Stored dataset items
_ _ _ _ _ _ _
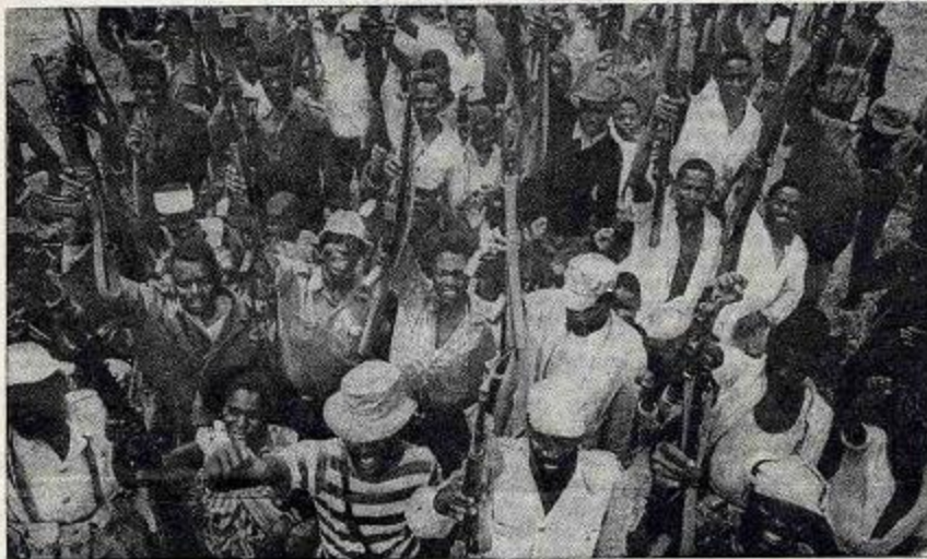
A luta popular armada é invencível!

crecente de países e organizações internacionais.
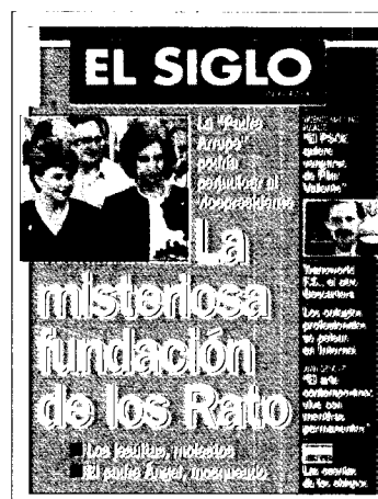
El SIGLO desveló hace unas semanas la existencia de una polémica fundación creada y dirigida por los Rato y los Salazar-Simpsons a la que aportan donativos algunas de las empresas de la familia.

Con tantos talones de Aquiles tan tocados, la vida política de Rodrigo Rato se tambalea a marchas forzadas. El es un buen fajador, pero al ring han saltado demasiados contrincantes, con guantes y sin ellos, esgrimiendo contra el vicepresidente hechos muy comprometidos y otros que esperan el momento oportuno para ser desvelados. Están dispuestos a derribarle, aunque sea por KO técnico.
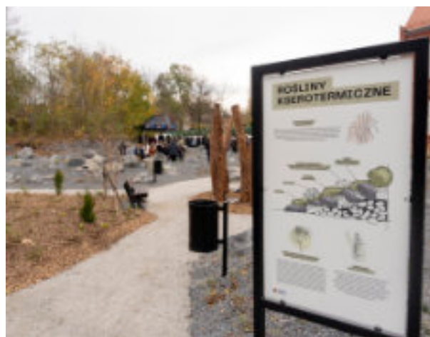
► Nowy skwer przy ul. Cmentarnej
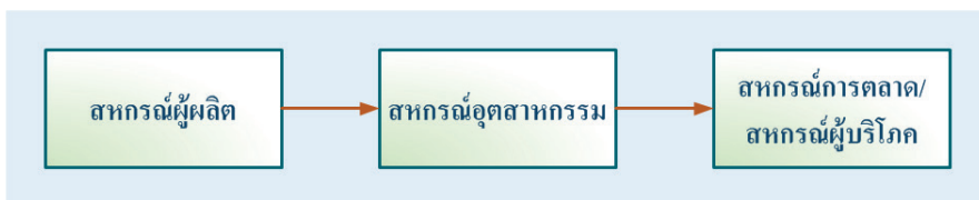
C2C Trade ระหว่างสหกรณ์ต่างประเภท

ตัวแบบการค้าสามารถจำแนกออกเป็นธุรกิจกับธุรกิจ(B2B) และธุรกิจกับสหกรณ์ (B2C) ตัวแบบธุรกิจ 2 แขนงนี้ ในรูปแบบของการค้าระหว่างสหกรณ์ต่างระดับได้แก่ ชุมชุมสหกรณ์ระดับชาติ ซึ่ง
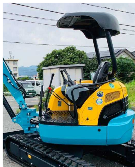
運転時の操作レバー位置
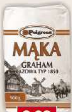
Polgreen mąka graham typ 1850 900 g /10 szt.
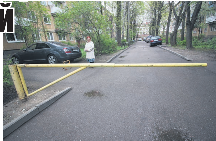
Чтобы установить шлагбаум во дворе, необходимо, чтобы за это решение проголосовало большинство жильцов.

Учитывая, что пожарные сейчас запросто могут закрыть любой торговый центр, имейте в виду, что ваш шлагбаум им тоже не понравится, так как пожарная машина или другая спецтехника должна иметь свободный доступ к любому подъезду. Для решения этой проблемы потребуется установка будки с вахтером (экономным соседям дополнительный сбор за эту услугу вряд ли понравится). Более дешевым выходом может стать видеонаблюдение,
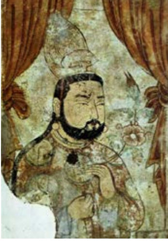
Görsel 1 Uygur Prensi 8-9. yy.
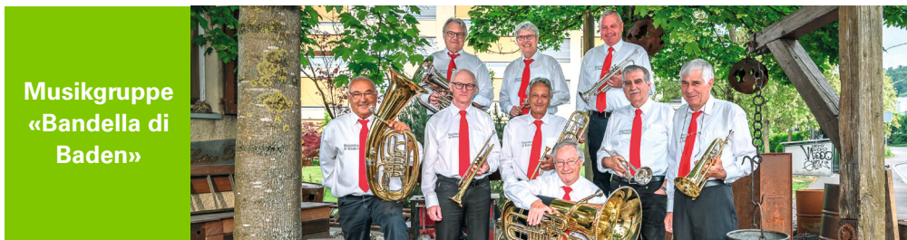
Musikgruppe «Bandella di Baden»
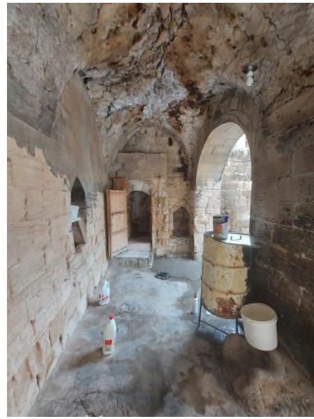
d- Güneydoğu köşedeki tuvalet
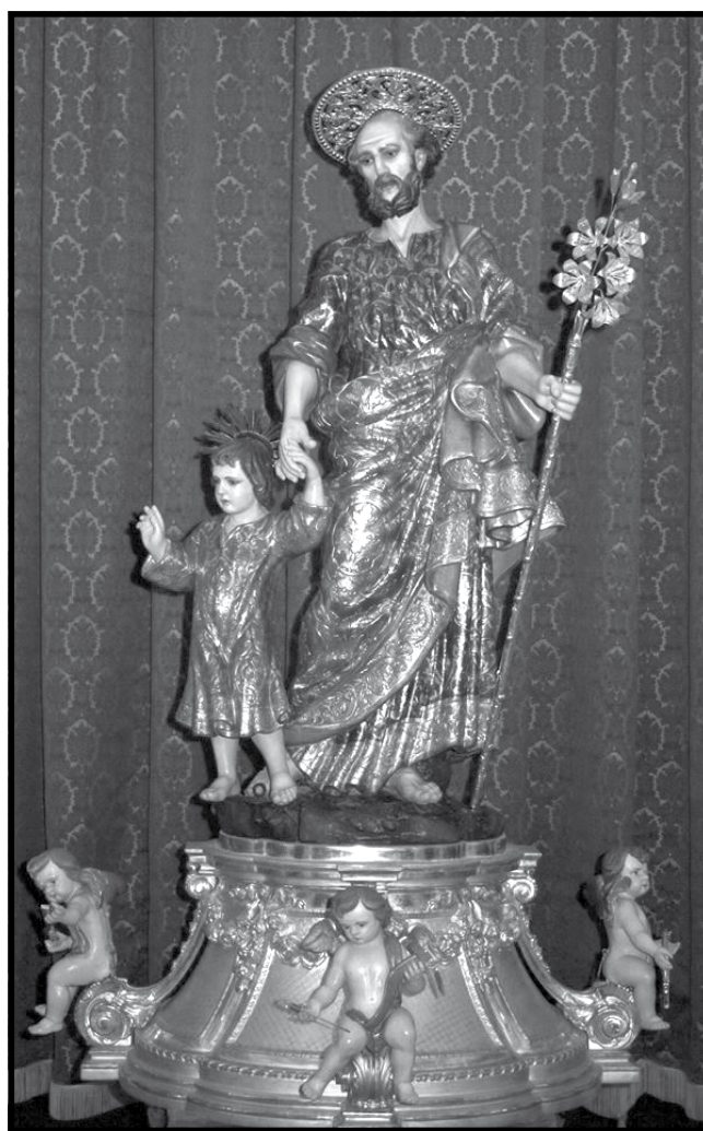
L-Istatwa ta' San Ġużepp meqjuma b'għożza fis-Santwarju tal-Madonna tal-Karmnu fil-Belt Valletta

Hames snin ilu kont ktibt f'din l-istess publikazzjoni, artiklu dwar id-devozzjoni ta' San Ġużepp kif imxandra mill-Ordni tal-Karmelu. 1 Konna għidna li saħansitra hemm kitbiet medjevali li jirrakonta kif Marija u Ġużeppi kienu jżuru xi eremiti fuq il-muntanja magħrufa bħala "tal-Karmelu". Lil hinn mil-leggendi sibna li Healy Thompson (1980) 2 jistqarr li l-Ordni Karmelitan "impurtaw għall-ewwel darba mil-Lvant għall-Punent il-prattika lodevoli li tagħti l-ogħla kult lil San Ġużepp". Nafu li kienu huma l-ewwel fl-Ewropa li onoraw lil San Ġużepp b'uffiċċju speċjali tat-Talb. Fl-imsemmi artiklu għidna wkoll li l-Kapitlu Ġenerali tal-Ordni Karmelitan, approva unanimament l-għażla ta' San Ġużepp bħala l-Protettur Primarju tal-Ordni. Ir-rabta bejn l-Ordni Karmelitan u San Ġużepp kompliet tissaħħaħ permezz tal-qaddisa kbira tiegħu Santa Tereza ta' Avila. Chorpenning, J. F. (1993) juri li: huwa fatt li ma tistax tmerih li l-Karmelitani, partikolarment fil-persuna ta' Santa Tereza ta' Avila, taw kontribut magġuri għat-tixrid tal-venerazzjoni ta' San Ġużepp fl-Ewropa Moderna tal-Bidu. 3 Jerònimo Graciàn de la Madre de Dios (1564-1614) patri Spanjol li ta kontribut importanti għall-istudji Josefologiċi permezz tal-ktieb tiegħu Summary of the Excellencies of St Joseph , ippublikat fl-1597, kiteb dwar dan fl-imsemmi ktieb, fejn iddedika kważi kapitlu shih. 4 Hawnehkk
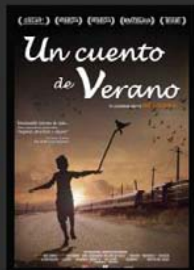
UN CUENTO DE VERANO
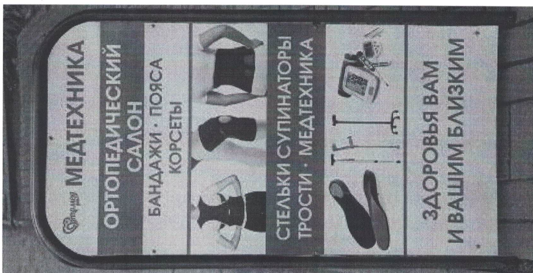
Фото № 2: Эскизное изображение рекламной конструкции
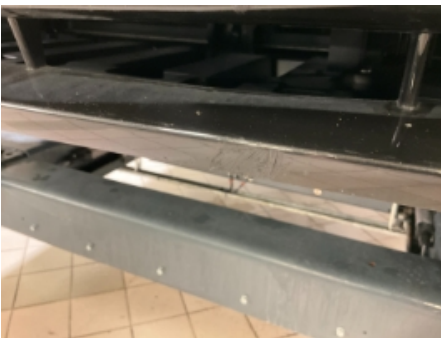
31. Lakk / karosseri utvendig
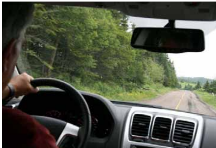
La voiture est indispensable si l'on veut découvrir les fabuleux paysages, sauvages et bucoliques du Nouveau-Brunswick.

« Vous autres, connaissez-vous not pays par là-bas ? » La jeune mère, qui promenait sa marmaille au Village Acadien, a laissé quelques instants ses enfants pour venir au-devant du Français. Confus de voir tant de spontanéité, il faut bien confesser que le voyage a commencé les yeux sur une carte. Trouver le Nouveau-Brunswick. Facile, c'est à l'est du Canada, en dessous du Québec et tout près des États-Unis. Seconde étape, localiser l'Acadie. Là, ça se corse. Internet et dico ajoutant à la confusion, il faut se rendre à l'évidence, l'Acadie n'est pas un pays à proprement parler. Pour bien comprendre, il faut remonter le temps et se souvenir que les premiers colons français sont arrivés en 1604 tout au sud du Nouveau-Brunswick actuel. Ils sont arrivés avec l'expédition menée par Samuel de Champlain.
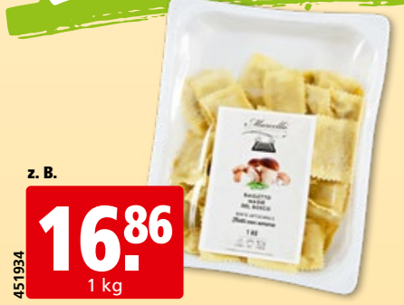
Bauletto Magie del Bosco diverse Sorten
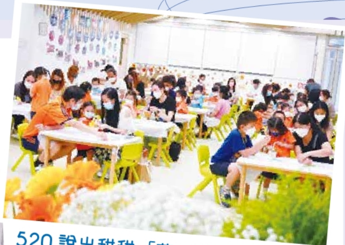
520 說出甜甜「花」語 - 親子工作坊
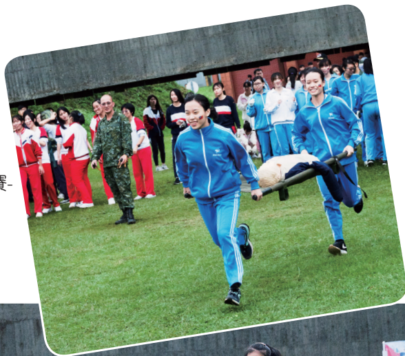
► 國防體適能戰技競賽- 傷患救護

競賽最後依積分賽制，選出175公尺實彈射擊競賽男子組第一名政大附中及萬芳高中、女子組第一名內湖高中，國防體能戰技競賽男子組第一名十信高中、女子組第一名永春高中，綜合實彈射擊及國防體能戰技成績後，評選出全能勇士獎男子組第一名萬芳高中、女子組第一名永春高中，各頒發團體圖書禮券以茲鼓勵，期為推行全民國防教育達成良好成效。
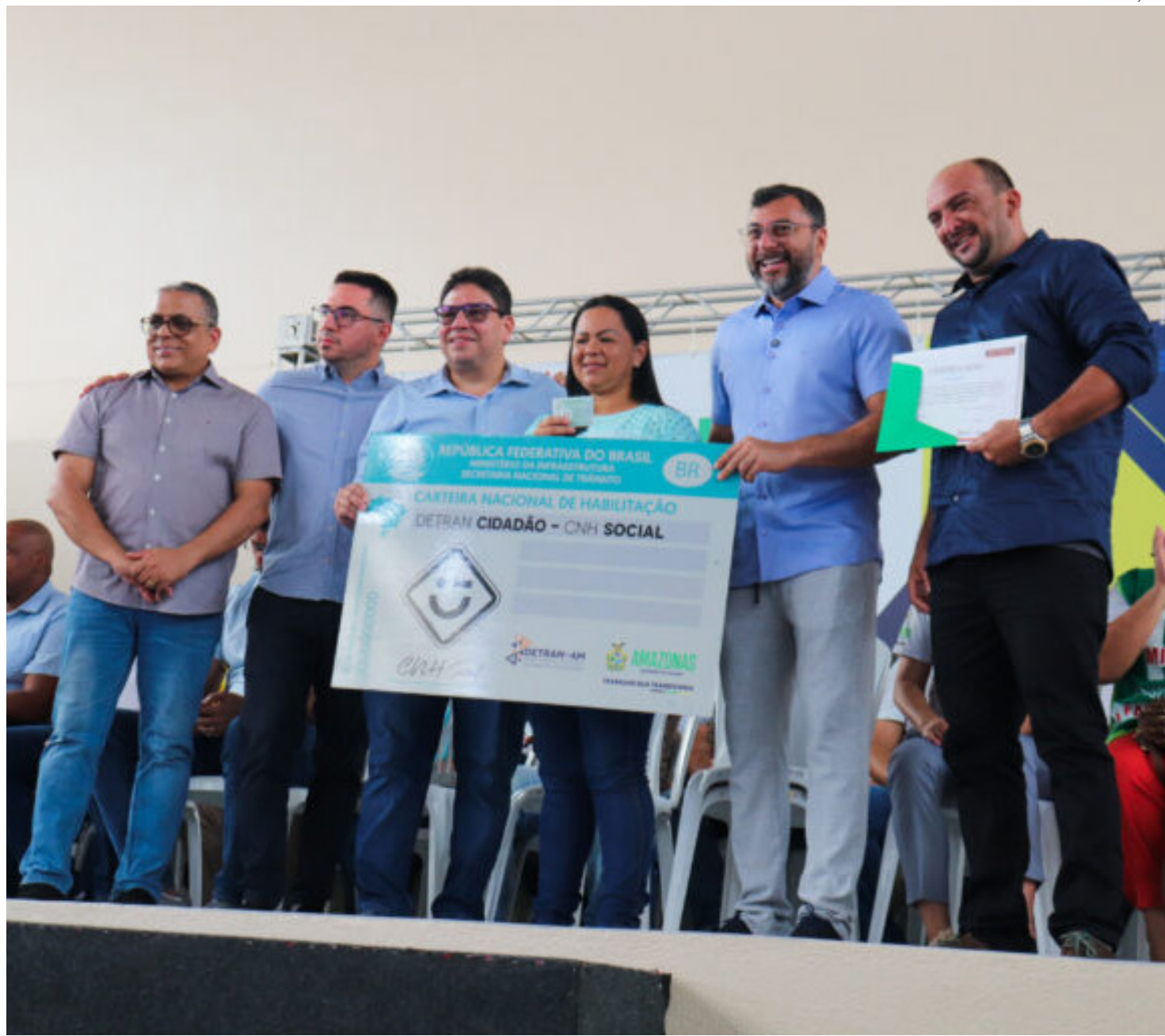
Departamento Estadual de Trânsito do Amazonas (Detran-AM)

Ainda segundo o diretor-presidente, entregas como essas são de suma importância para dar oportunidade e dignidade àquelas pessoas de baixa renda, que de alguma forma não teriam a possibilidade de tirar a sua habilitação ou de fazer cursos profissionalizantes e, com isso, entrarem no mercado de trabalho.
_ _ _ _ _ _ _
Go through the entries above and report each line with the string "Rato" in it.

▶ _Expected output_
El SIGLO desveló hace unas semanas la existencia de una polémica fundación creada y dirigida por los Rato y los Salazar-Simpsons a la que aportan donativos algunas de las empresas de la familia.
Con tantos talones de Aquiles tan tocados, la vida política de Rodrigo Rato se tambalea a marchas forzadas. El es un buen fajador, pero al ring han saltado demasiados contrincantes, con guantes y sin ellos, esgrimiendo contra el vicepresidente hechos muy comprometidos y otros que esperan el momento oportuno para ser desvelados. Están dispuestos a derribarle, aunque sea por KO técnico.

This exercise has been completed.